Brytyjczycy zamiast Polaków w Iraku?
Brytyjczycy mogą przejąć dowództwo w polskiej
strefie odpowiedzialności - twierdzą brytyjskie media. Rząd w Londynie wciąż rozmawia z Amerykanami w
sprawie wysłania dodatkowych 3 tys. żołnierzy brytyjskich, którzy
mieliby zostać rozmieszczeni w punktach zapalnych w Iraku.
Według poniedziałkowego "Guardiana", nie ulega wątpliwości, że dodatkowe siły brytyjskie zostaną skierowane do Iraku zanim 30 czerwca ukonstytuują się tymczasowe władze irackie, ale generalicja nalega na premiera Tony'ego Blaira, by skierował dodatkowe siły tylko na warunkach brytyjskich, a nie amerykańskich, które prywatnie uważają za brutalne i niecelowe.
"Sunday Times" pisze, że brytyjskie ministerstwo obrony ma dwie opcje przywrócenia bezpieczeństwa w zapalnych punktach południowego Iraku. Pierwszy polega na rozszerzeniu zakresu odpowiedzialności Brytyjczyków poza strefę południową, na (dowodzoną przez Polaków) środkowo-południową. Obszary patrolowane obecnie przez żołnierzy kilku państw europejskich przejąłby Sojuszniczy Korpus Sił Szybkiego Reagowania pod dowództwem brytyjskim, którego siedziba mieści się w Niemczech - napisał "Sunday Times". Druga opcja wiązałaby się z wysłaniem dalszych wojsk brytyjskich, które przejęłyby z rąk Amerykanów kontrolę nad Nadżafem i Kadisiją, za które przed wycofaniem się z Iraku odpowiadali Hiszpanie.

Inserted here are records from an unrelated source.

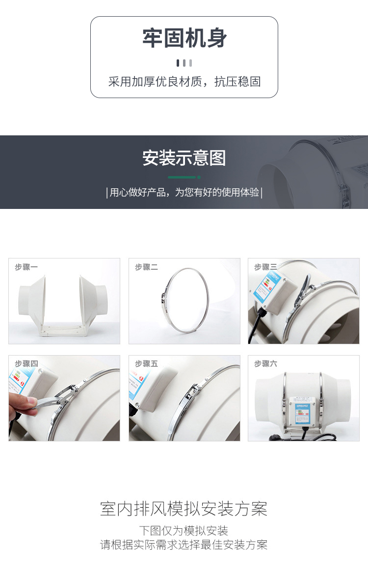 斜流增压管道风机强力静音厨房油烟抽风机6寸卫生间换气排气扇150
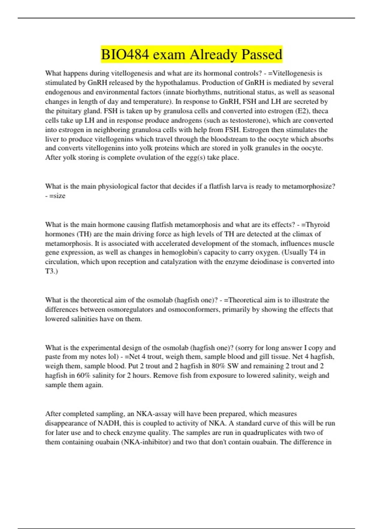 BIO484 exam Already Passed
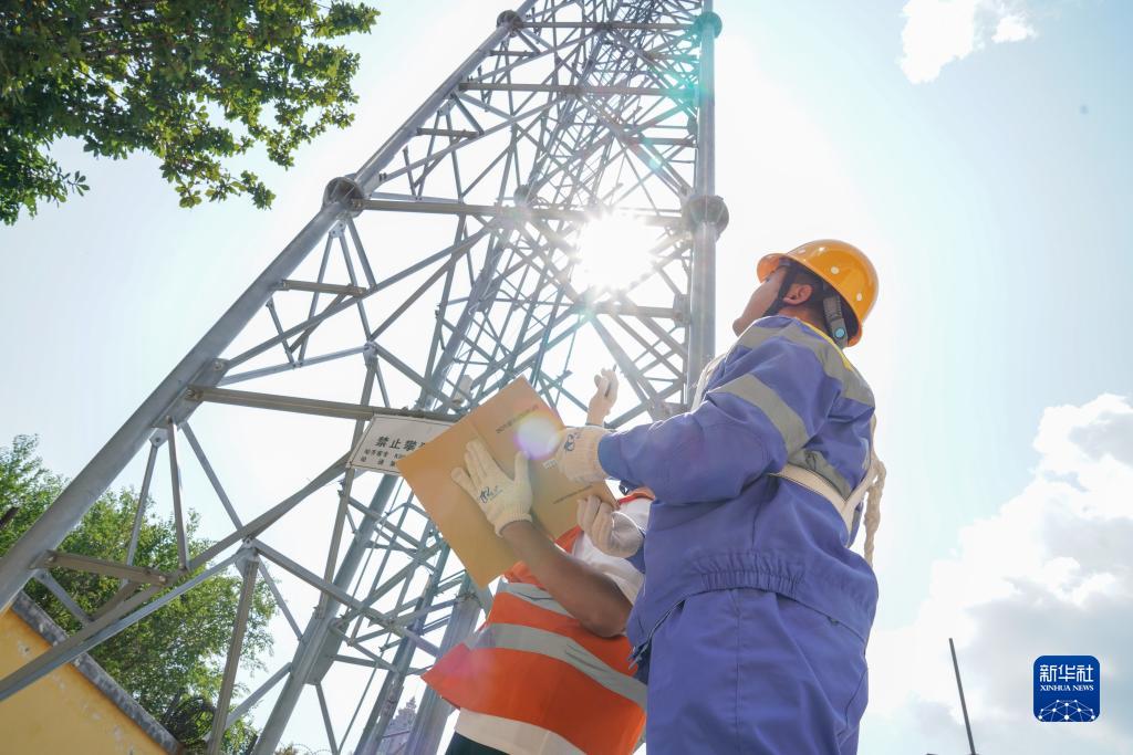 7月11日,在哈齊高鐵1號基站,魏巍(右)在上塔前與防護員曹學(xué)明確認作業(yè)要點。

Bez względu na to, która opcja zostanie wybrana, w obu przypadkach Brytyjczycy zamierzają zapewnić sobie "jak największy wpływ na decyzje wojskowe podejmowane przez Amerykanów, z możliwością zapobieżenia działaniom zarówno na szczeblu strategicznym, jak i operacyjnym, które zagroziłyby celom brytyjskim".

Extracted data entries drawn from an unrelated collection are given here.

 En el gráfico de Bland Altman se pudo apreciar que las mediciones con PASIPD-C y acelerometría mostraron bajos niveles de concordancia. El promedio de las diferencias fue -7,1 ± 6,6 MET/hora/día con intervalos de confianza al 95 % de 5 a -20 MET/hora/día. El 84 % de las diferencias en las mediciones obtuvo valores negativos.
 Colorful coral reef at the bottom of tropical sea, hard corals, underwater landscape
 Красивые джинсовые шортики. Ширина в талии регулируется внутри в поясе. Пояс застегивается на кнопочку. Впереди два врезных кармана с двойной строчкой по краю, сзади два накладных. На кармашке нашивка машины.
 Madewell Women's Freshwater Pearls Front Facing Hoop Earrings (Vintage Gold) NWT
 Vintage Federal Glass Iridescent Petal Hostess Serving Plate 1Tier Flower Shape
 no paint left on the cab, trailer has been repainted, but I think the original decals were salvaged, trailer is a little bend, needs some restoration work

Rząd brytyjski obawia się, że amerykańska taktyka w Iraku, polegająca na pokazie siły i gotowości do jej użycia, obróci się przeciwko nim i zagrozi bezpieczeństwu sił brytyjskich stacjonujących w południowym Iraku - wynika z dokumentu brytyjskiego MSZ, który w formie przecieku zamieścił "Sunday Times".
"Twarda taktyka Amerykanów, zastosowana przed kilkoma tygodniami w Nadżafie i Faludży, utwierdziła zarówno szyitów, jak i sunnitów w opozycji do koalicji i naraziła nas na utratę poparcia irackiej opinii. Wynikiem było przeniesienie się walk do południowego Iraku" - napisano w memorandum.